The Middle Ground

Everybody is entitled.

“Opinion is really the lowest form of human knowledge. It requires no accountability, no understanding. The highest form of knowledge… is empathy, for it requires us to suspend our egos and live in another’s world. It requires profound purpose larger than the self kind of understanding.”

Bill Bullard

The world would be much different if opinions didn’t exist.

Eight billion people agreeing on everything from Lebron being better than Jordan all the way to which country creates the best wines.

Opinions help shape cultures and communities.

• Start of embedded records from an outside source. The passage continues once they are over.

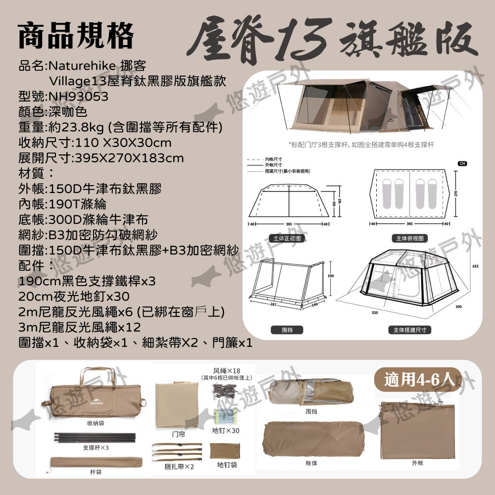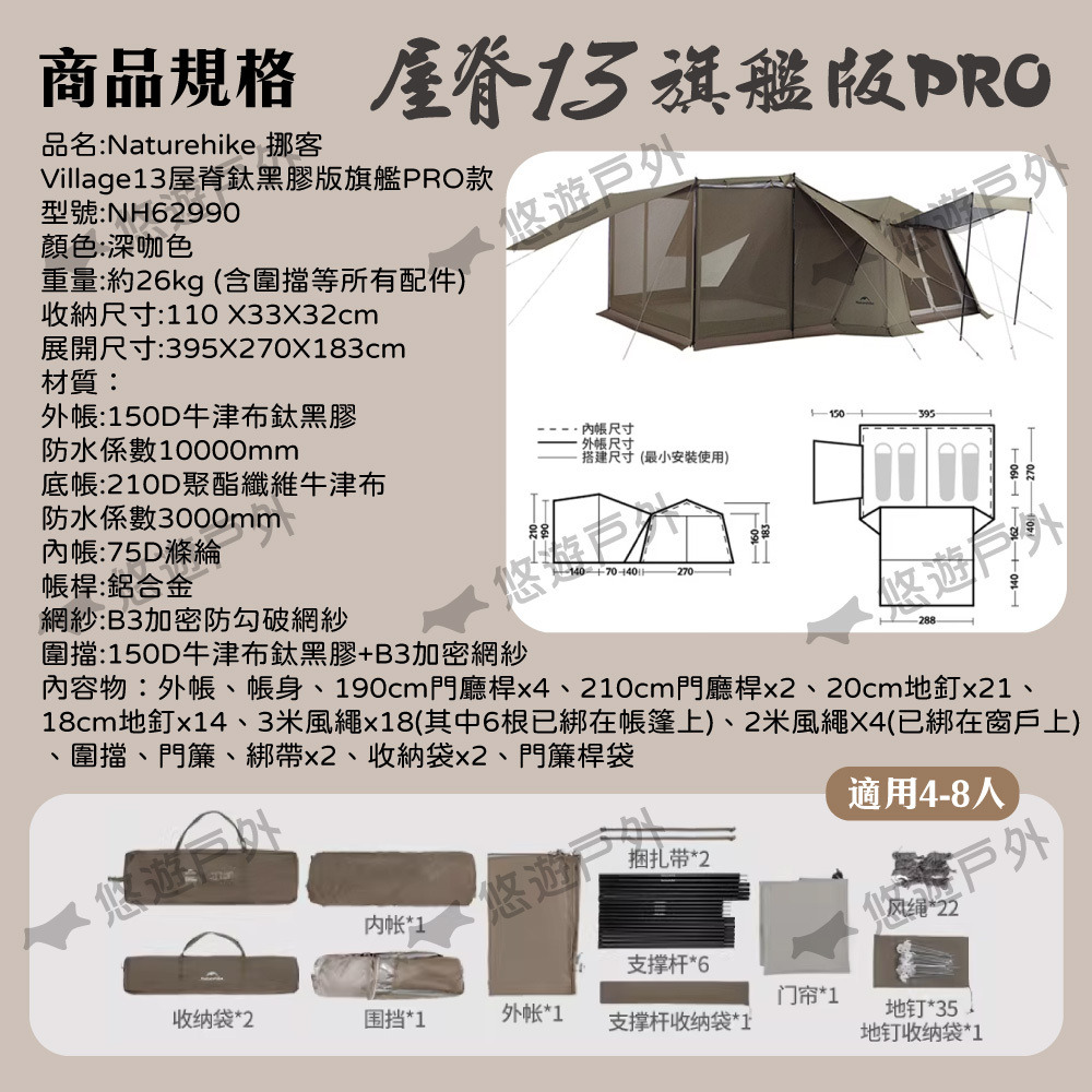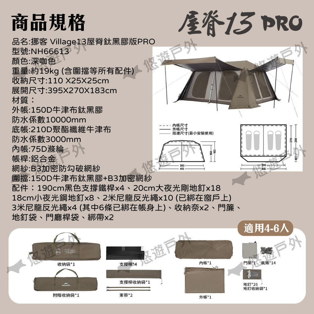 【悠遊戶外】Naturehike 挪客 Village13屋脊鈦黑膠系列|旗艦 / PRO / 旗艦PRO 款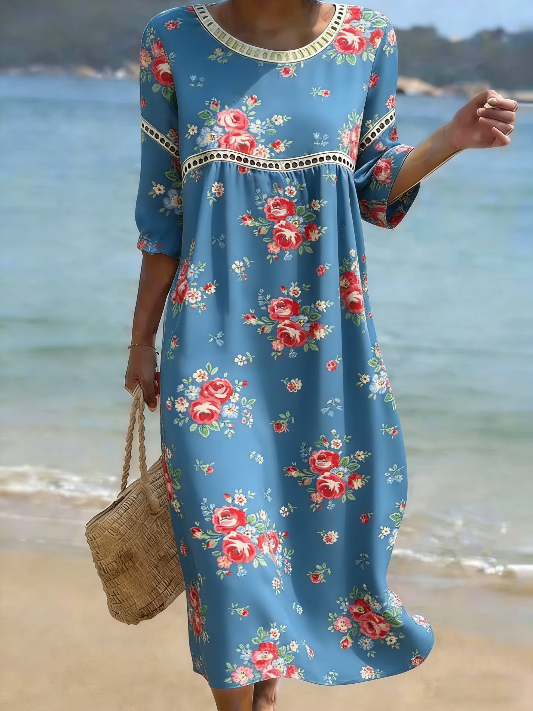 Women's Folk Flowers Print Crew Neck Cotton Pocket Dress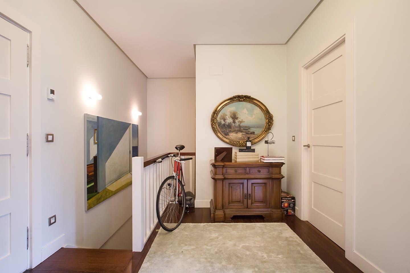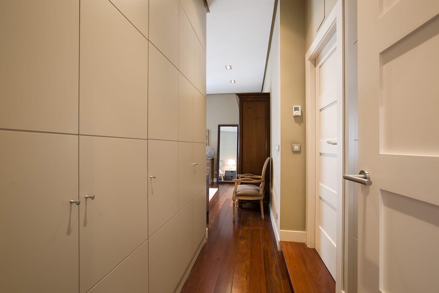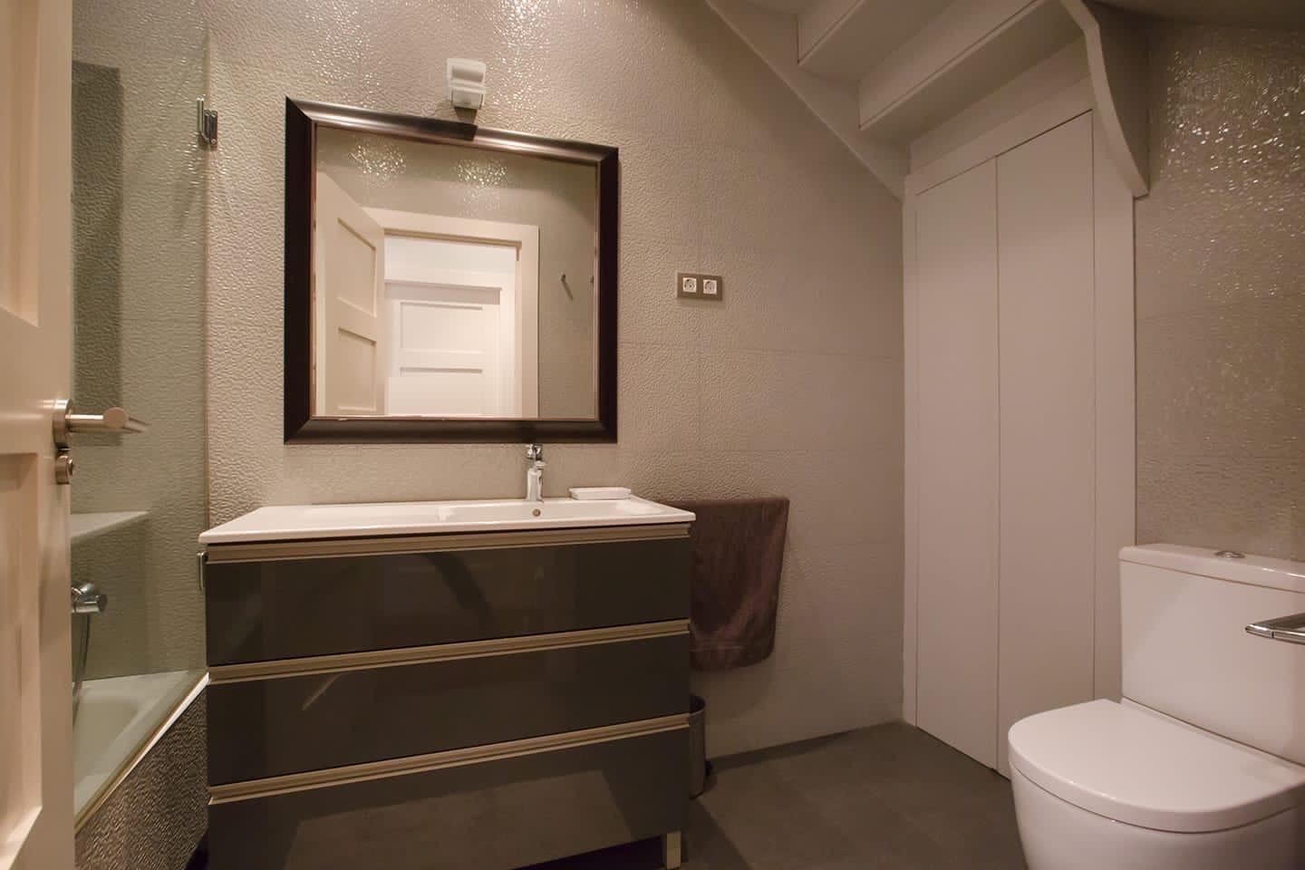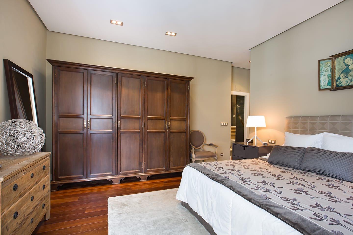 Bajando unas pequeñas escaleras, accederás a la zona de descanso, donde se ubica el dormitorio principal con su propio cuarto de baño con ducha. También hay dos dormitorios adicionales que comparten un baño, perfectos para familias o visitas. Con 142 m² construidos, este dúplex ofrece espacio suficiente para disfrutar de la vida en la ciudad sin renunciar a la comodidad.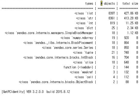 그리고 나서 한번 한개의 사이클이 끝나는 시점에서 이렇게 어디서 메모리를 많이 소모를 하는지 알아보기 위한 SummeryTracker()라는 함수를 사용하고, 그 결과를 출력해 보도록 합니다.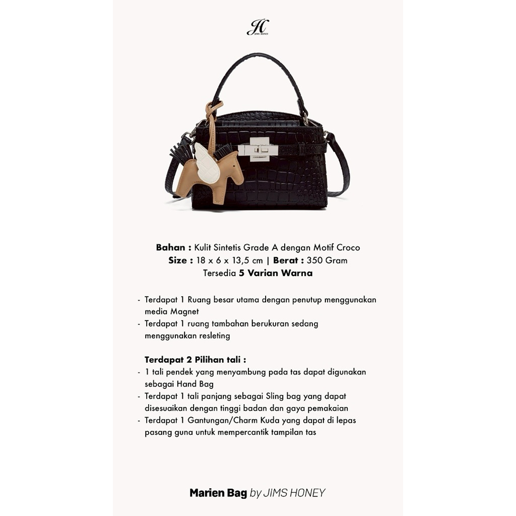 JIMS HONEY MARIEN BAG JH-371 TAS SELEMPANG WANITA SLING BAG HAND BAG TAS JINJING TAS CROCO FREE BAGCHARM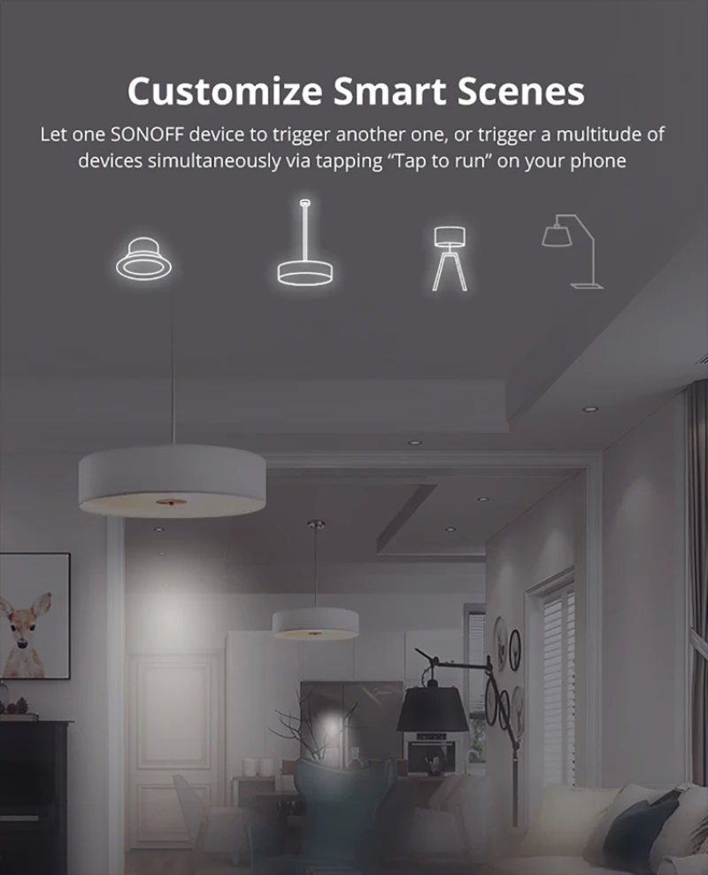 Создание смарт-сцен для запуска групп устройств SONOFF вкл/выкл с помощью нажатия на телефон.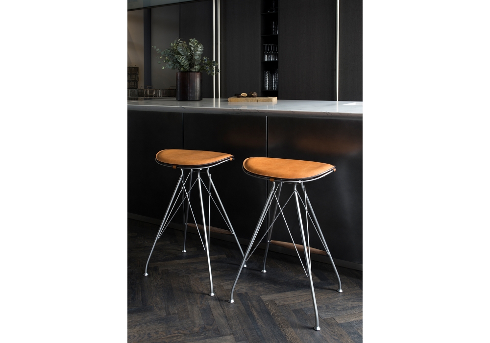 Wire von Overgaard & Dyrman für O&D entworfen, ist ein Bar Hocker mit Struktur aus mattschwarzem pulverbeschichtetem Stahl oder satin verchromter Stahl. Die Wire Kollektion ist mit einer Auswahl von 3 exklusiven Lederarten (Yellowstone, Matstone oder Elegance) in insgesamt 9 Farben erhältlich. Fußstütze in Massivholz in Eiche, Räuchereiche, geschwärztes Holz, Teak, Mahagoni oder Nussbaum. Auch verfügbar in 2 Höhen.
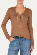 In una tonalità coloniale, calda e raffinata, con un tocco vintage elegante, questa blusa in viscosa unisce praticità e femminilità con equilibrio raffinato. Il design essenziale è arricchito da dettagli curati come lo scollo a V con colletto aperto e i due bottoni in madreperla, che donano un tocco di luce e raffinatezza. Morbida e leggermente elasticizzata, è ideale sotto giacca o indossata da sola per look versatili, dal casual chic al più ricercato.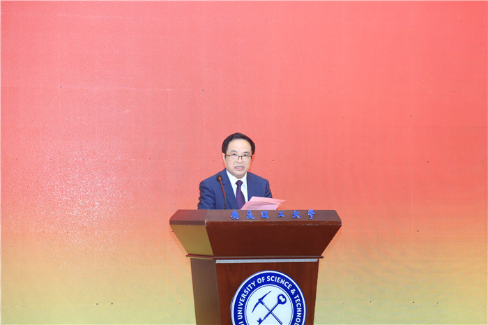 98堂 原校长、离退休教职工代表张文祥教授致辞。他回顾了学校的办学历程和取得的成就,指出学校秉承校训传统,落实校园精神,坚持科学发展,励精图治,脚踏实地,为煤炭行业进步和国家地方经济建设输送了大量领军人才,为煤炭高等教育贡献了力量。他对学校的发展成就感到由衷高兴,对学校正以创建“双一流”的胆识和气魄,脚踏实地的精神和姿态,向着既定目标奋勇前进,倍感欣慰。祝愿学校越办越好,为国家和地方经济社会发展做出更大贡献!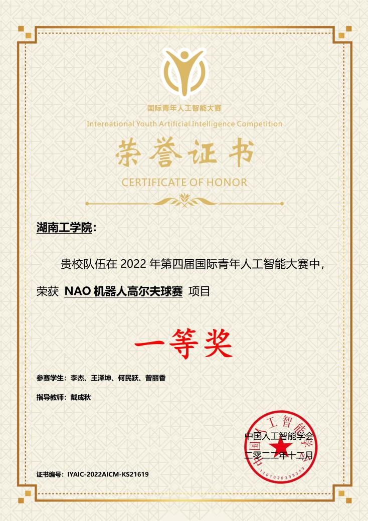 近日,计算机科学与工程学院学科竞赛迎来喜讯,best365官网李杰、王泽坤、何民跃、曾丽香四位学子组成的湖工高尔夫队参加由中国人工智能学会主办的2022年国际青年人工智能大赛,经过激烈竞争在赛项“NAO机器人高尔夫球赛”中脱颖而出,荣获一等奖。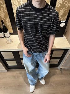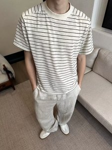 香港スタイルのシックなトレンディなコントラストストライプ半袖Tシャツメンズ夏の新しいトレンディなブランドルーズカジュアル多用途ラウンドネック半袖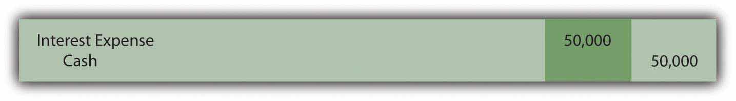 Here, Smith Corporation must pay $50,000 per year in interest ($1 million × 5 percent) for four years and then the $1 million face value: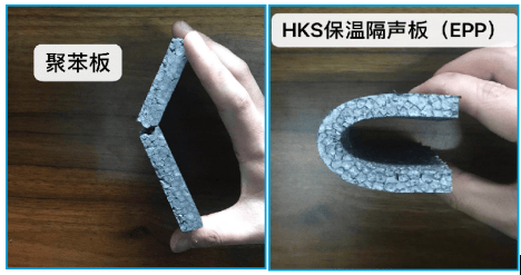 全面可弯曲:XPS、EPS(聚苯板)受力易断裂,而HKS保温隔声板(EPP)可以实现180°弯曲。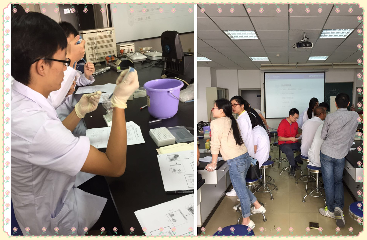 接著是采集血液樣本,隨后每個小組開始實驗,指導人員對關鍵步驟進行講解及演示,并且在實驗過程中,學員就具體實驗操作及自己課題中遇到的問題與達科為技術人員進行深入的討論,有學員表示受到一定啟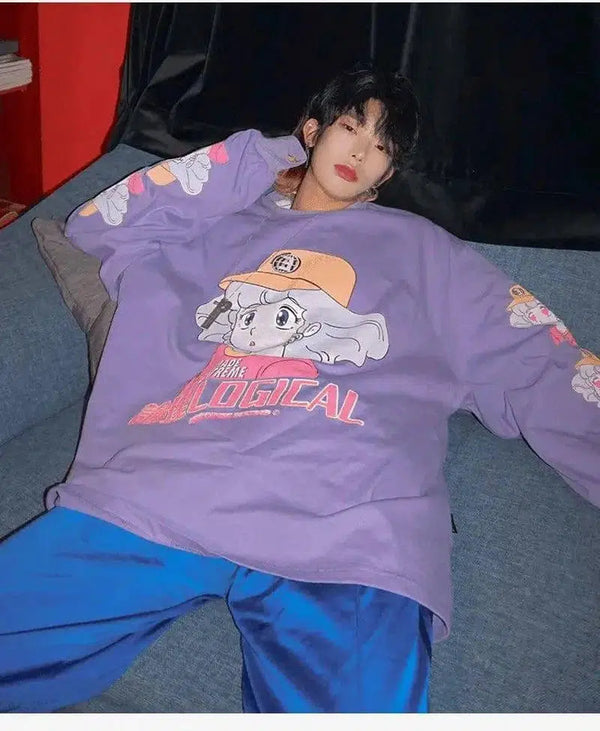 Nyomtatott laza hosszú ujjú póló férfiaknak
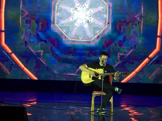 楊明毅登場,自彈自唱。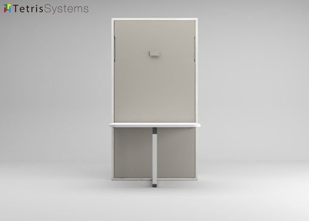 Vertical folding bed with built-in table. The folding bed measures 111 x 45 x 209 cm in height and is prepared for a mattress of 90 x 190 cm and a maximum thickness of 18 cm. It is also manufactured in sizes of 105 x 190, 135 x 190 and 150 x 190 cm in length and even for special measurements to fit your space. When extended, it moves 221 cm away from the wall.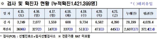 경북도내, 4월 21일 0시 기준 코로나19 확진자 445명(국내 444, 국외 1) 발생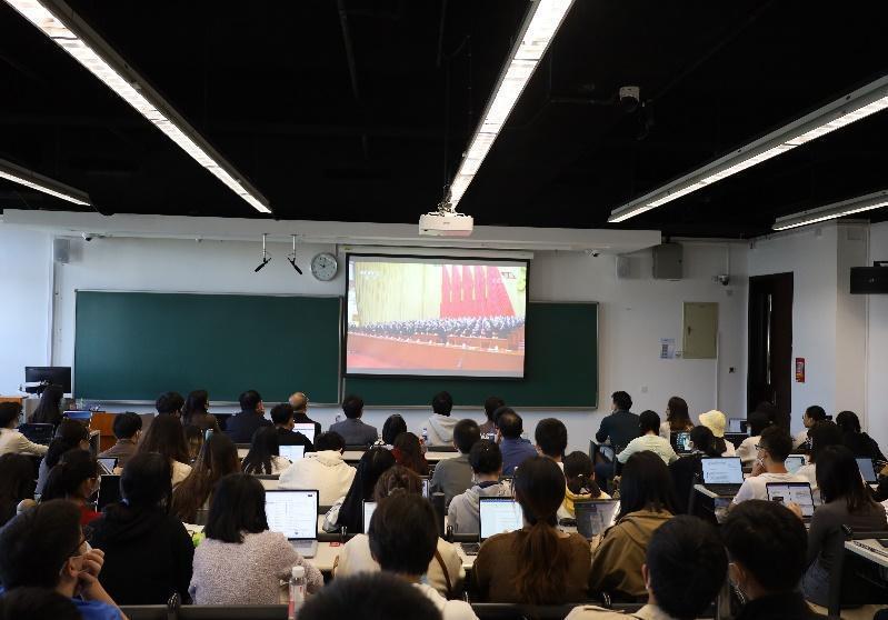 考古文博学院共设立了北京大学燕园校区、山东临淄田野考古实习基地和线上三个分会场进行收看。考古文博学院院长沈睿文、党委书记陈建立、副院长张剑葳、党委副书记曹蓓与学院党委委员、教师党支部书记和教师代表、全体学生党员和入党积极分子早早齐聚二教401,认真听取大会报告,领悟会议精神。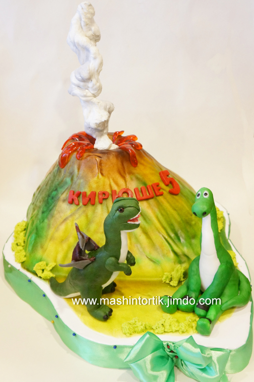 Торты детскиеТортик для нашей ББ-шечки Инночки, многомамочки :) Вес 4,8 кг, медовичок. Чтобы понять, откуда такие любопытные динозавры - прошу под кат :)) Вулкан еще слегка подсвечивался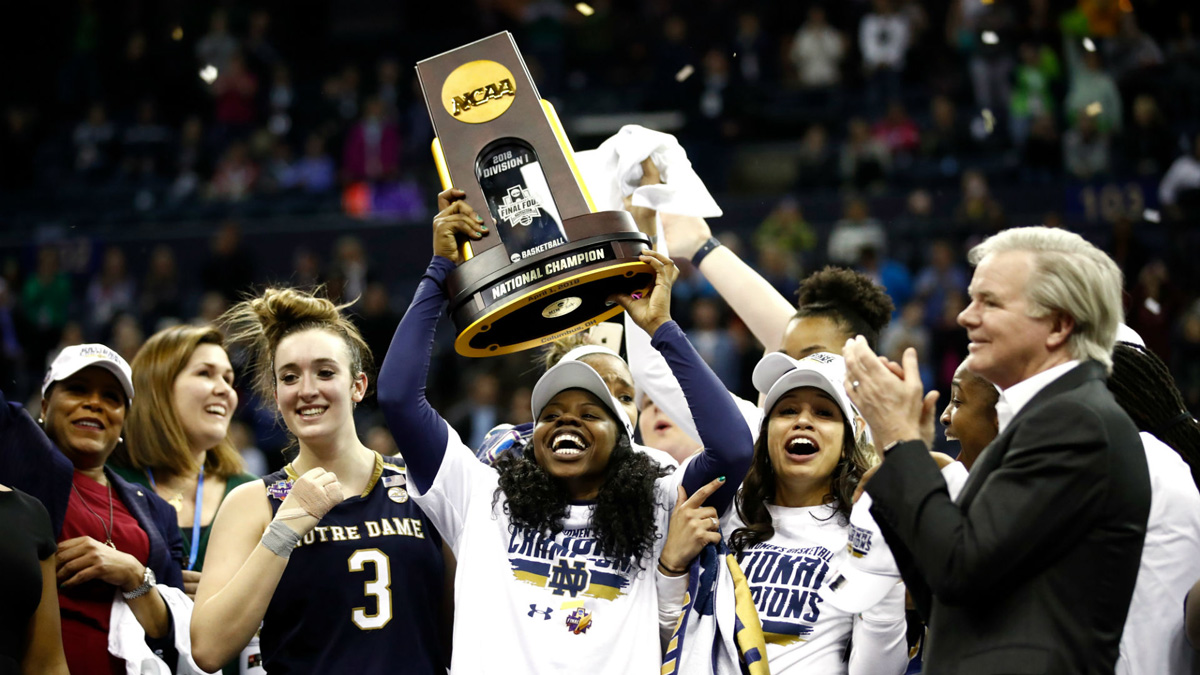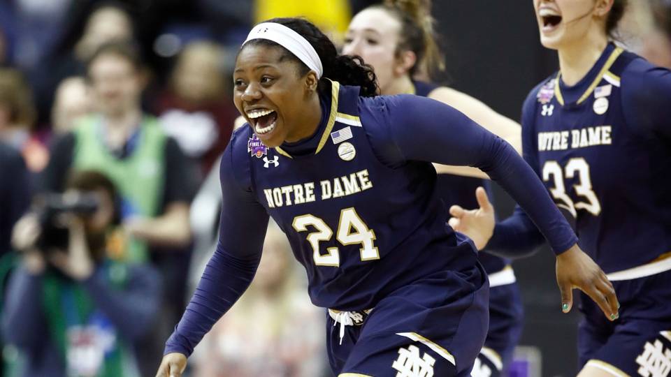 This year, Notre Dame and Mississippi State faced off in the National Championship. Notre Dame walked away with the win over MS State, 61-58, after a huge comeback with a buzzer beater by Notre Dame’s star, Arike Ogunbowale. MS State’s Teaira McCowan, a 6’7″ powerhouse, scored 18 points and had 17 rebounds, but missed a lay-up with 27 seconds left and then continued to foul out, letting Notre Dame take up the opportunity to win it. Ogunbowale did the same thing to beat UCONN in the Final Four. To get to the championship, Notre Dame beat UCONN 91-89 and MS State beat Louisville 73-63 in the Final Four. To watch the highlights from the championship game, click here.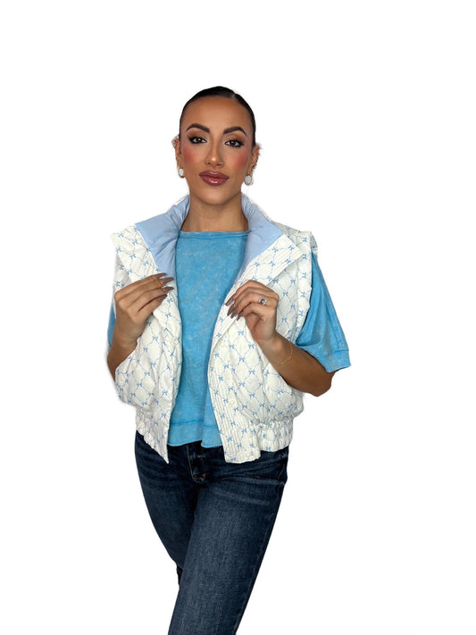 Bow Printed Reversible Padded Vest

Forums in Rome we’re used to express opinions.

But we’ve migrated from forums to tweet strings and reddit threads.

Digital dialogues have altered public discourse at scale — but we’ve lost the accountability factor.

An exchange between opinions in the modern age requires nothing more than 140 characters.

But when we aim to find the middle ground, is when we reach empathy.

Something interesting I came across recently titled the Four Quadrants of Conformism.

Author Paul Graham wrote a synopsis of how people's personalities vary in any two ways, then separated them as axes and gave the resulting four quadrants personality types.

This is a perspective on how our varied personalities affect culture, law, and the communities we all interact in.

Classifying a diverse set of people into four boxes is may raise an eyebrow to some — but it makes you think more on how much can influence (or not) an individual.